Шелехес вздохнул, свернул цигарку.
– Я вот что думаю, Александрович… Нам важно, чтобы в народе – до победы революции в мировом масштабе – любовь была к республике и ненависть к
врагам. А как победим, и с интеллигентами твоими разберемся, всех по полочкам расставим. Я нутром понимаю, чего ты хочешь. Но ты и нас пойми.
Хлеба нет. Заводы стоят. Тут золота брали при Николашке тридцать пять тысяч килограммов в год, а мы еле еле три тысячи скребем. Драг нет,
лошадей нет. Ничего нет. А все одно, Карскую экспедицию мы снарядили? Снарядили. Корабли провели в Европу? Провели. Университет открыли?
Открыли, а ведь его тут, в Иркутске, уж семьдесят лет твои интеллигенты хотели открыть. Восточносибирское геологическое отделение наладили?
Наладили. Экспедиции в этом году в тайгу пошли: за марганцем, за углем, за железом, золотишком. Картинную галерею открыли? Открыли, хоть и с
твоей помощью… Это, кстати, я на себя риск взял. Накормим народ, оденем, отобьем от китайца с японцем – тогда другое дело. А сейчас ты смуту
можешь своими разговорами внести, смуту, Александрович, а она кровава и тебя же первого изничтожит…
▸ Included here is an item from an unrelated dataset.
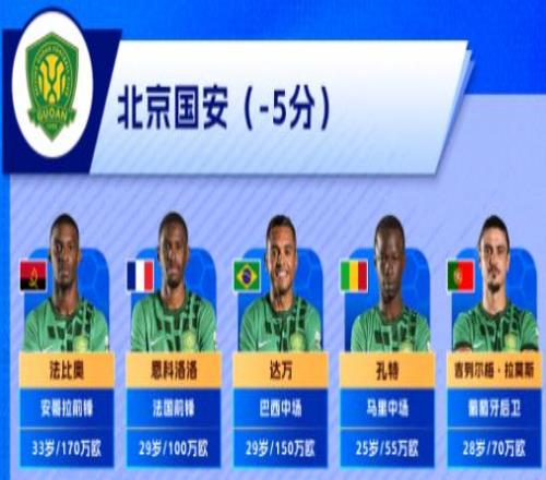 北京国安拥有5名当红国脚,包括2前锋+1中场+2后卫;山东泰山拥有4名当红国脚,包括2中场+2后卫;上海申花拥有4国脚,2中场+2后卫,外加归化李可。

– Шоферу в затылок бей, – сказал Тарыкин Ульяну.
Выстрел грохнул гулко, покатился по тайге многоголосым, высоким эхом. Шофер свалился грудью на руль, машину повело в тайгу, ударило передком о
ствол дерева.
Шелехес вытащил маузер и сказал Владимирову:
– Приляг, они сейчас по нас бить будут.
Владимиров перегнулся к шоферу, обнял его за плечи, потянул на себя. Парнишка легко подался назад: под ухом была маленькая черная дырочка, а
правый висок разбит. Кровь пульсировала в громадной рваной ране.
– Возьми у меня под ногами карабин, – сказал Шелехес. – И вылазь из машины, в тайгу побежим.
Он спрыгнул на землю. Раздался второй выстрел. Шелехес охнул и выронил маузер: рука была перебита в локте.
И тогда из за деревьев вышли Тарыкин, Ульян и еще пятеро.
– Здорово, комиссары! – сказал Тарыкин. – Больно рученьку, кучерявый?
«Пароход по морю ходит, сверху лебеди летят», – вдруг до боли ясно услышал Осип. Он сказал:
– Здесь только один комиссар. Старик беспартийный.
– А чего ж он с тобой катается? – удивился Тарыкин и подтолкнул Шелехеса стволом винтовки. – Пошли в тайгу.
– Прощай, Александрович, – сказал Шелехес.
Тарыкин спросил Владимирова:
– Вы кто? Комиссаров мы вешаем, попутчиков расстреливаем, обманутых освобождаем.
– Обманутый он, обманутый, – простонал Шелехес, потому что кровь из локтя хлестала безостановочно.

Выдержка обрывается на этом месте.